Leave every picture out and give back the lines below from the first through the line that holds "曼联这个赛季新引进的边后卫万", exactly as written.

___ DATA TO USE

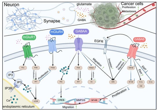Schematic representation of the intricate crosstalk between glutamate and GABA signaling in neurons and their influence on cancer cell behaviors. Neurons release glutamate and GABA that interact with mGluR1, mGluR4, GABAA, and GABAB receptors on the synaptic membrane. These interactions trigger downstream signaling pathways involving PI3K, AKT, PLC, PKC, CREB, GSK3β, NF-κB, and ERK, leading to cellular responses such as proliferation, migration, and invasion. In cancer cells, glutamate binding to mGluR1 and mGluR4 also influences proliferation and migration through PI3K/AKT pathways. GABA binding to GABAA and GABAB receptors modulates cell migration and invasion through PKC and GSK3β pathways, respectively. The diagram illustrates the complex interplay between neuronal signaling and cancer progression, highlighting potential therapeutic targets for cancer treatment.
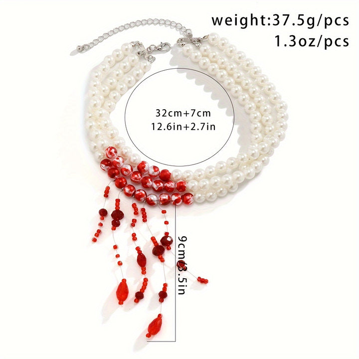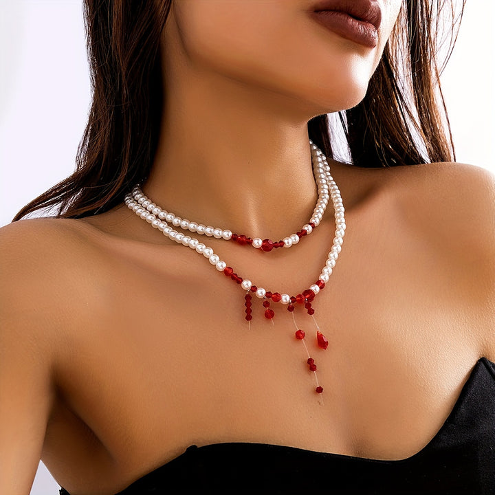 Gothic Pearl Necklace - Blood Drop Pendant, Adjustable Halloween Jewelry - TJR7Y2P
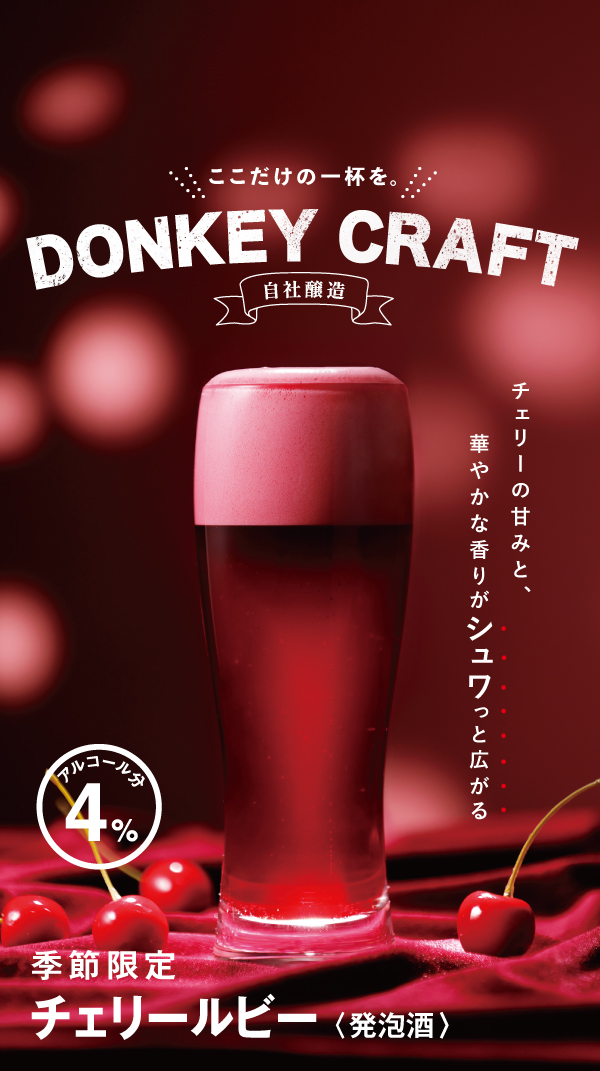 「ドンキーフリー(チェリー)」は、様々なシーンでより多くの人に「チェリールビー」の風味や味わいを愉しんでいただきたいと開発したノンアルコールドリンクです。
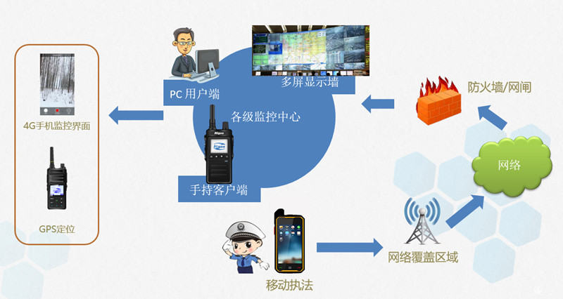 用戶通過集群調度管理平臺進行用戶管理、群組管理、設備管理對終端對講機進行設置后,根據對講協(xié)議和數據及時完成視頻交換,將多個對講終端互聯(lián)互通,實現(xiàn)單戶、組呼、搶話語權、視頻對講等一系列的遠傳功能,同時通過平臺結合業(yè)務需求對對講終端進行查詢、跟蹤、分析等功能。
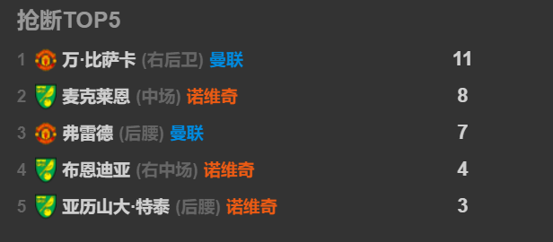 曼联这个赛季新引进的边后卫万比萨卡在这一方面就做的很出色,他的拦截意识,抢断成功率,抢断次数都很高 ,下图是曼联与诺维奇的比赛中抢断数据,万比萨卡排在第一名。
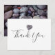 Cartão de agradecimento da descoberta do coração de pedra. Um lindo coração de pedra sentado acima da sua mensagem de agradecimento, definido numa bela fonte de caligrafia. O verso tem um fundo de pedra de seixo com um coração de seixo correspondente no centro. Uma maneira perfeita de dizer obrigado!
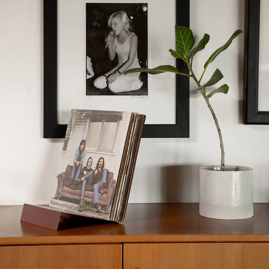 Made to hold records, magazines, books, and cookbooks, this stand is a steel storage and display stand with a powder coat finish.
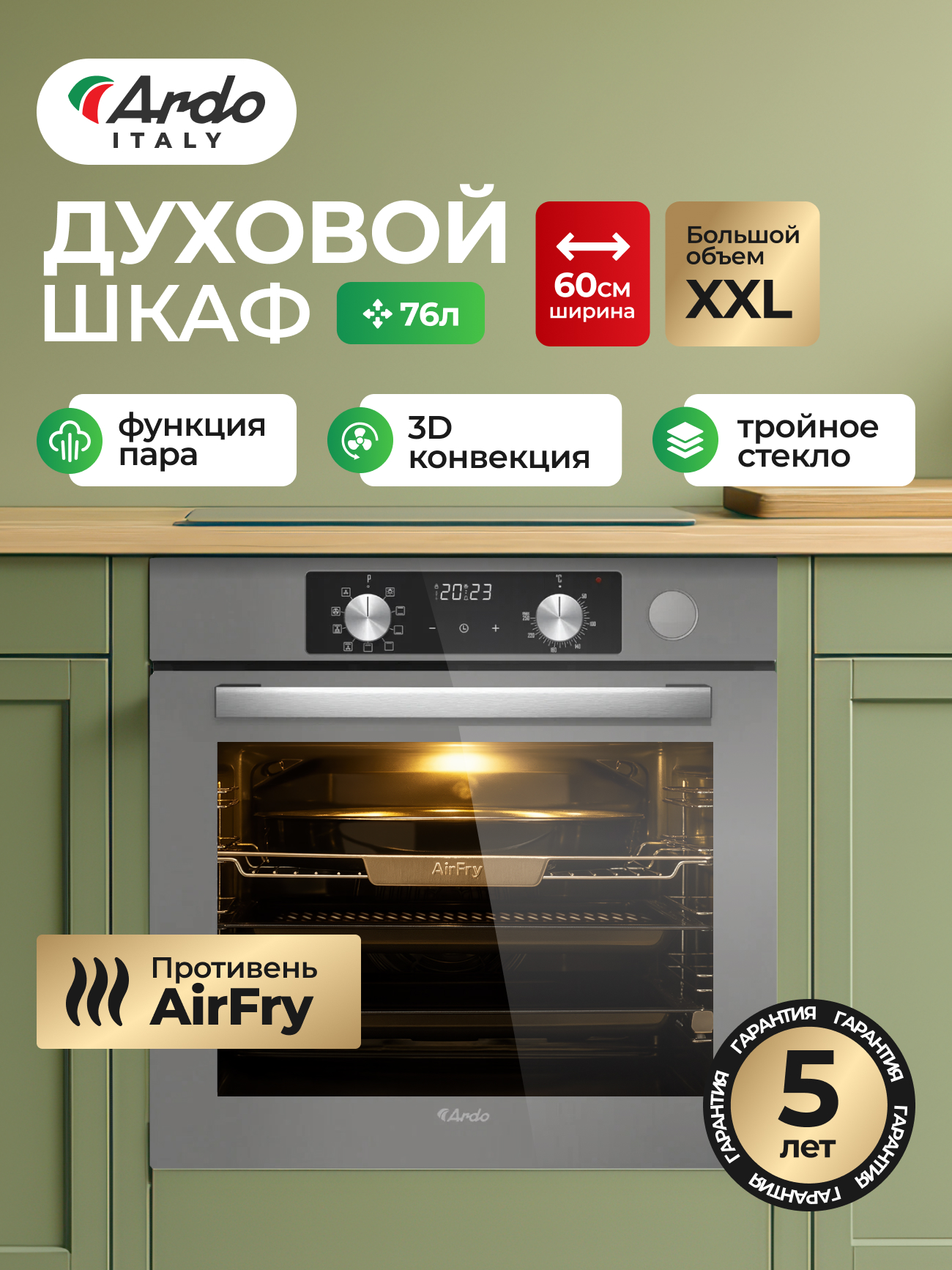 Духовой электрический шкаф Ardo BO810EAS2 76 л, гриль, конвекция, телескопические направляющие, 3 стекла, функция пара
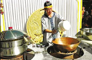 在沈陽(yáng)清文化國(guó)際旅游節(jié)上,廚師現(xiàn)場(chǎng)制作薩其馬
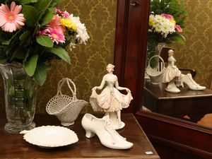 dama h cm 25 (4) inizio del XX secolo composto da una dama ed una scarpetta in porcellana, un cestino in biscuit [..]
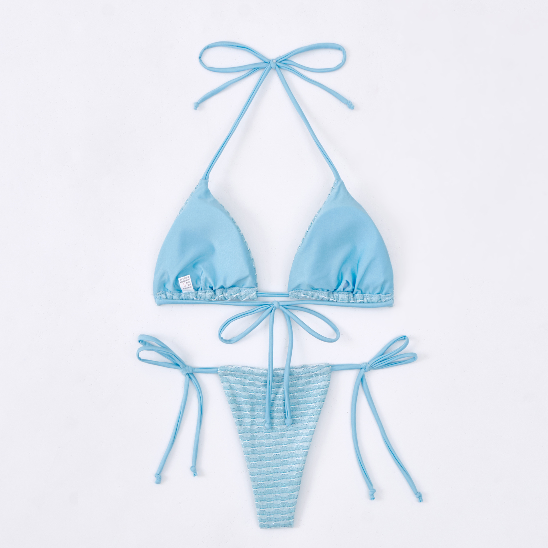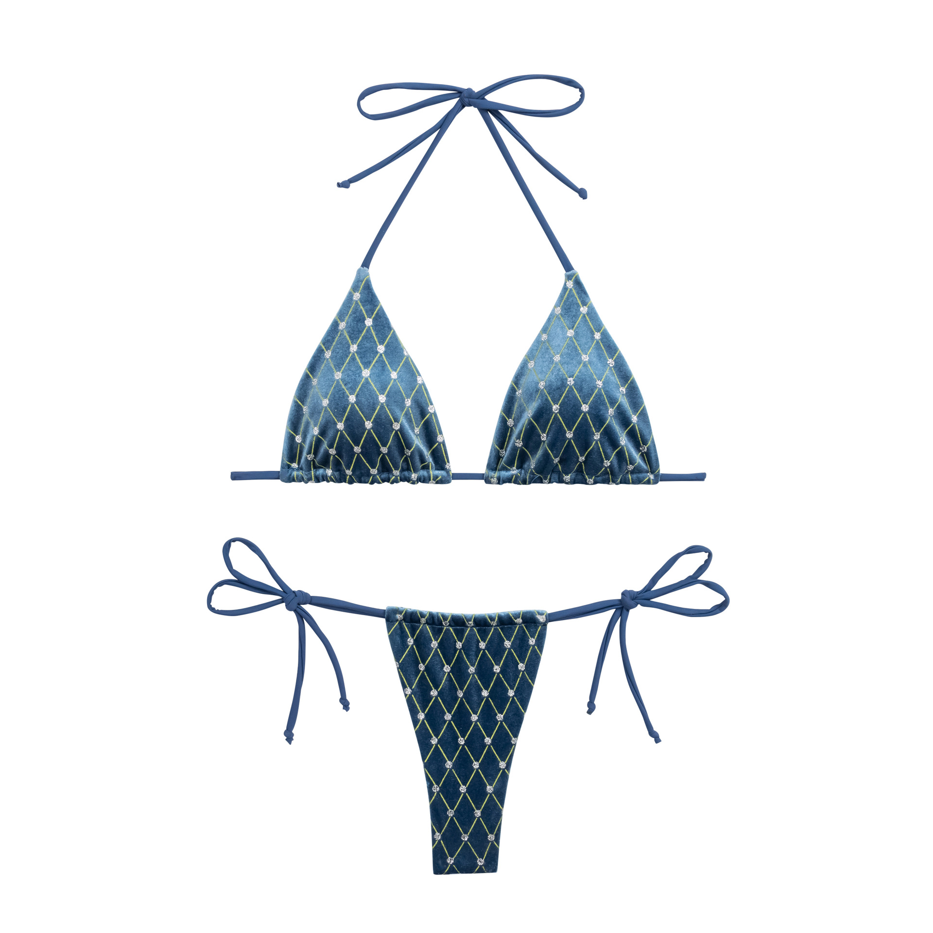 오리지널 골드와 실버 실크 발광 크로스 보더 비키니 아마존 유럽과 미국 스트랩 여성 스플릿 백리스 수영복 재고 수영복스토어 가기
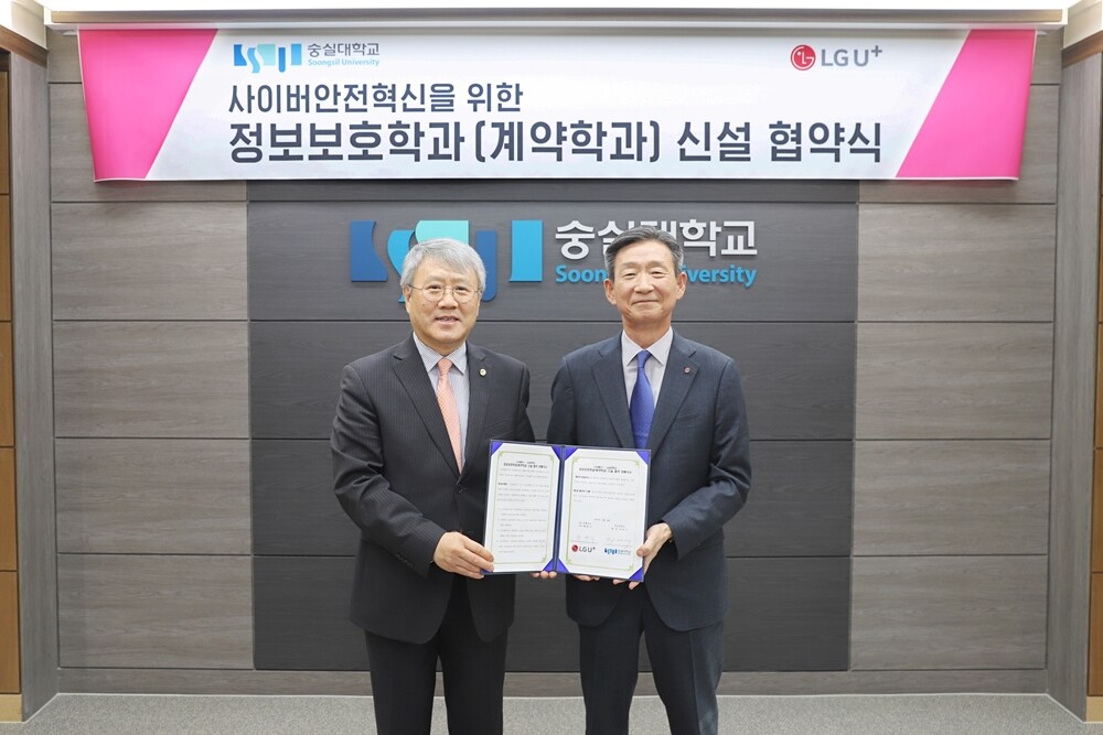 숭실대학교와 LG유플러스는 8일 숭실대 베어드홀에서 숭실대 장범식 총장, LG유플러스 황현식 대표이사 등이 참석한 가운데 정보보호학과 신설 및 운영을 위한 협약식을 가졌다.

______

§ **EXERCISE RESPONSE**
Schematic representation of the intricate crosstalk between glutamate and GABA signaling in neurons and their influence on cancer cell behaviors. Neurons release glutamate and GABA that interact with mGluR1, mGluR4, GABAA, and GABAB receptors on the synaptic membrane. These interactions trigger downstream signaling pathways involving PI3K, AKT, PLC, PKC, CREB, GSK3β, NF-κB, and ERK, leading to cellular responses such as proliferation, migration, and invasion. In cancer cells, glutamate binding to mGluR1 and mGluR4 also influences proliferation and migration through PI3K/AKT pathways. GABA binding to GABAA and GABAB receptors modulates cell migration and invasion through PKC and GSK3β pathways, respectively. The diagram illustrates the complex interplay between neuronal signaling and cancer progression, highlighting potential therapeutic targets for cancer treatment.
 Gothic Pearl Necklace - Blood Drop Pendant, Adjustable Halloween Jewelry - TJR7Y2P
 「ドンキーフリー(チェリー)」は、様々なシーンでより多くの人に「チェリールビー」の風味や味わいを愉しんでいただきたいと開発したノンアルコールドリンクです。
 用戶通過集群調度管理平臺進行用戶管理、群組管理、設備管理對終端對講機進行設置后,根據對講協(xié)議和數據及時完成視頻交換,將多個對講終端互聯(lián)互通,實現(xiàn)單戶、組呼、搶話語權、視頻對講等一系列的遠傳功能,同時通過平臺結合業(yè)務需求對對講終端進行查詢、跟蹤、分析等功能。
 曼联这个赛季新引进的边后卫万比萨卡在这一方面就做的很出色,他的拦截意识,抢断成功率,抢断次数都很高 ,下图是曼联与诺维奇的比赛中抢断数据,万比萨卡排在第一名。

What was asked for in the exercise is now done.